Digital review: The Quality of Mercy

Staged at the Courtyard Theatre and now available on Scenesaver, this solo play is deeply personal and unrelenting in its depiction of the last message of serial killer Dr Harold Shipman.

Edwin Flay, who is both writer and performer of this play, has a deep connection with Shipman’s crimes – his own grandmother was one of the victims.

You may feel at the start that Shipman’s motives were understandable; indeed, these are the arguments used for legal euthanasia, the right to remove unbearable pain .

Screencap from The Quality of Mercy

However, as Flay’s script progresses, it is clear that Shipman is tightening his own metaphorical noose by indulging his ego and his choice to ‘play God’.

On a video wall behind, each victim’s name is highlighted until we see a sea of names – each one a person who deserved to live, not to be dispatched without a thought.

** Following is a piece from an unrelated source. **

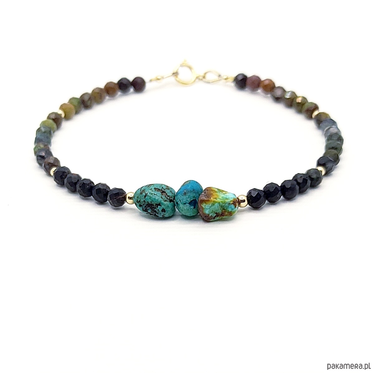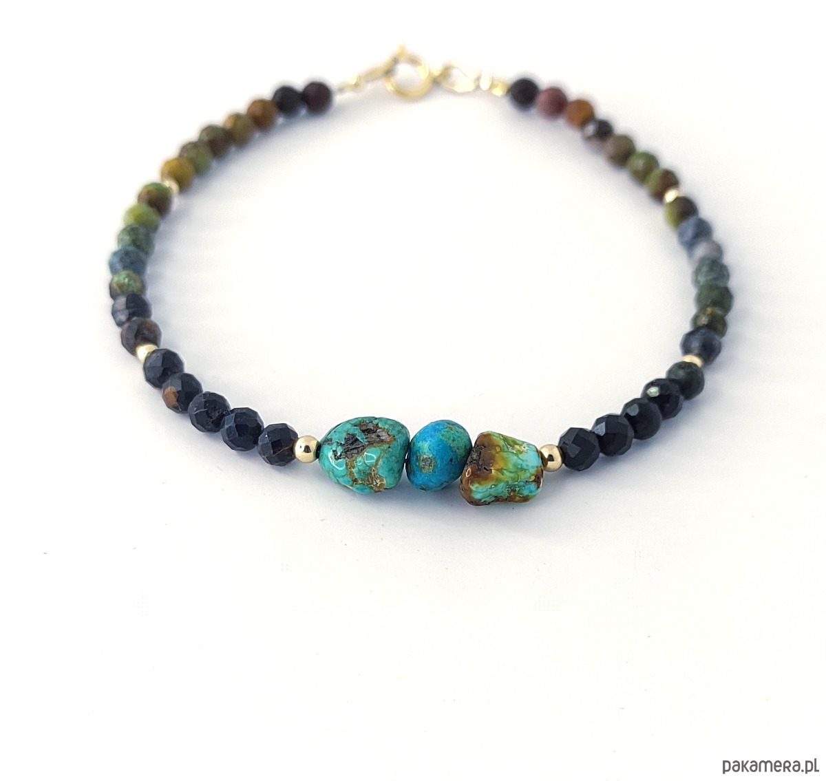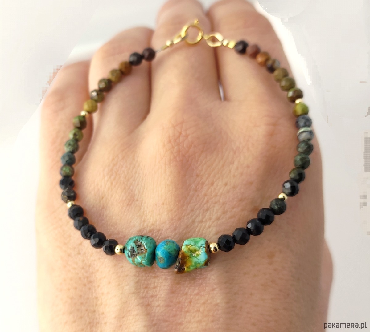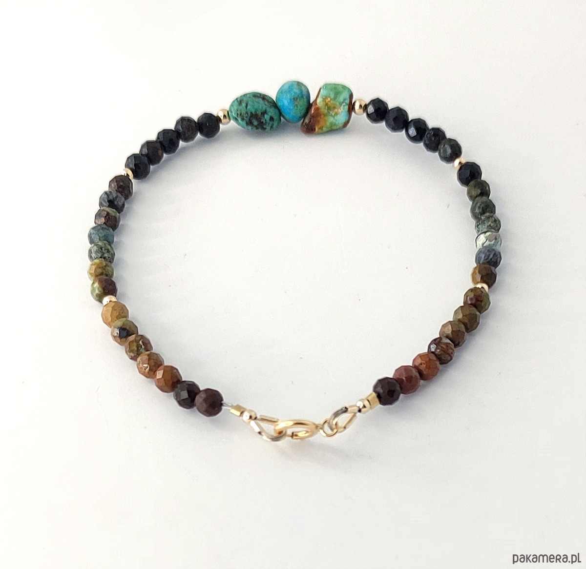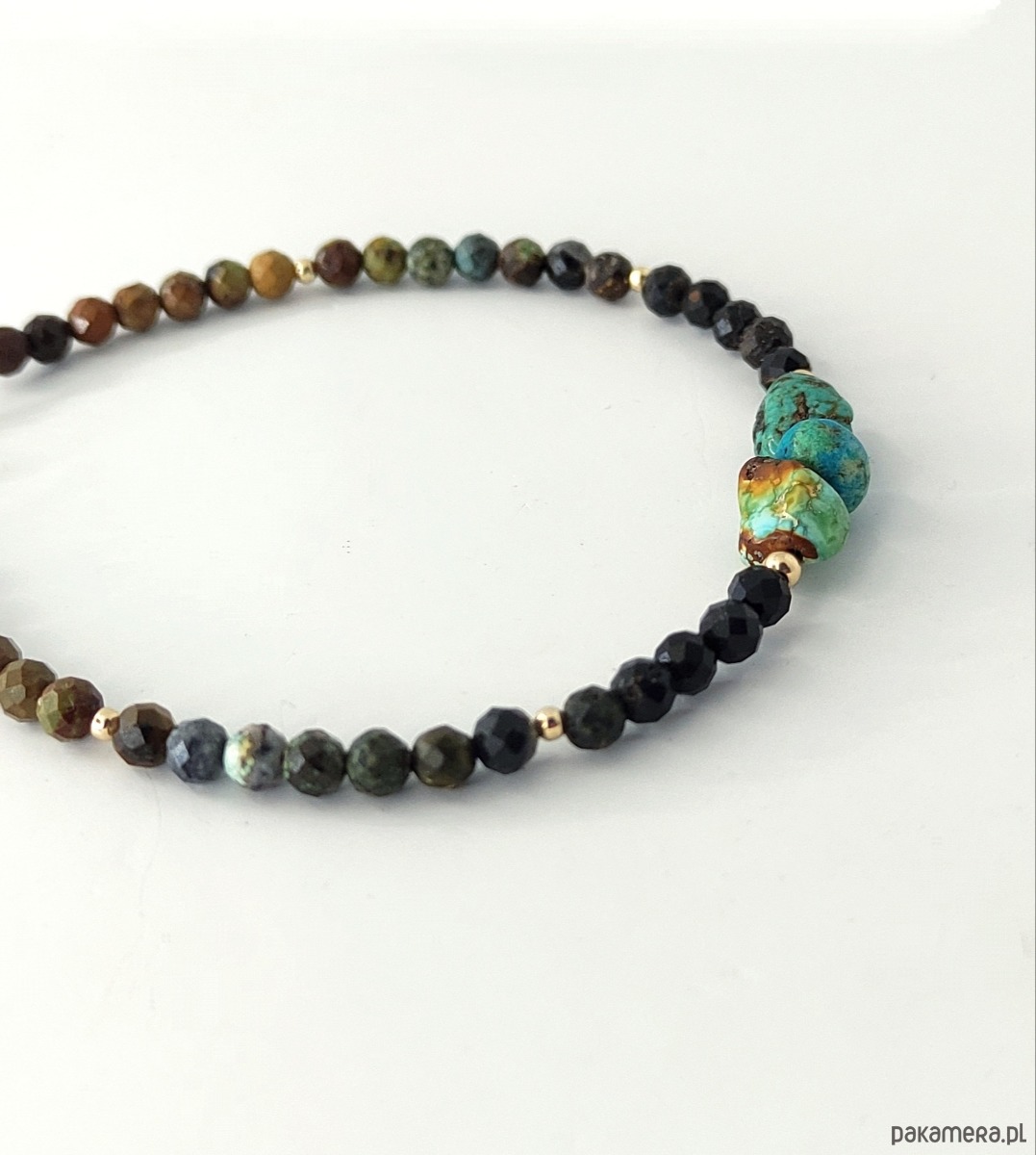 Bransoletka z oryginalnego kamienia turkusu w naturalnych, ciepłych barwach. Uwzględnia cały przekrój kolorystyczny tego kamienia, od czerni, po przypalane brązy, zielenie i błękity. Dzięki stopniowaniu kolorów pięknie zostały wyeksponowane znajdujące się na środku bryłki. Ich niezwykłe barwy przypadną do gustu wszystkim wielbicielkom tego magicznego minerału. Dodatkowo walory podkreślają akcenty ze złota gold filled.

For a doctor to have operated as a killer for nearly three decades (Shipman was the GP of a family friend in Hyde, who reported that he was “lovely”) without any suspicion is chilling.

Screencap from The Quality of Mercy

This performance is mesmerising, but it won’t be this twisted and pathetic individual you will remember after the credits roll, but that wall of victims, for whom Shipman played both judge and jury.

A modern horror story that nevertheless treats the victims with respect, with meticulous research on each, letting them have the voice they were denied.

Far from an easy watch, this show condemns its subject who eqates “help’ with ‘elation’ and hus professional skill as a grotesque ‘gift’.

Screencap from The Quality of Mercy

As a digital piece, one thing that would have made this more chilling and effective would be to include the names on the screen as we watch. An occasional camera pull-back is not the same.

I imagine sitting in the auditorium watching as the video screen grows more and more crowded gave a significant emotional heft to The Quality of Mercy.

You can watch The Quality of Mercy, directed by Bernie C Byrnes on Scenesaver now.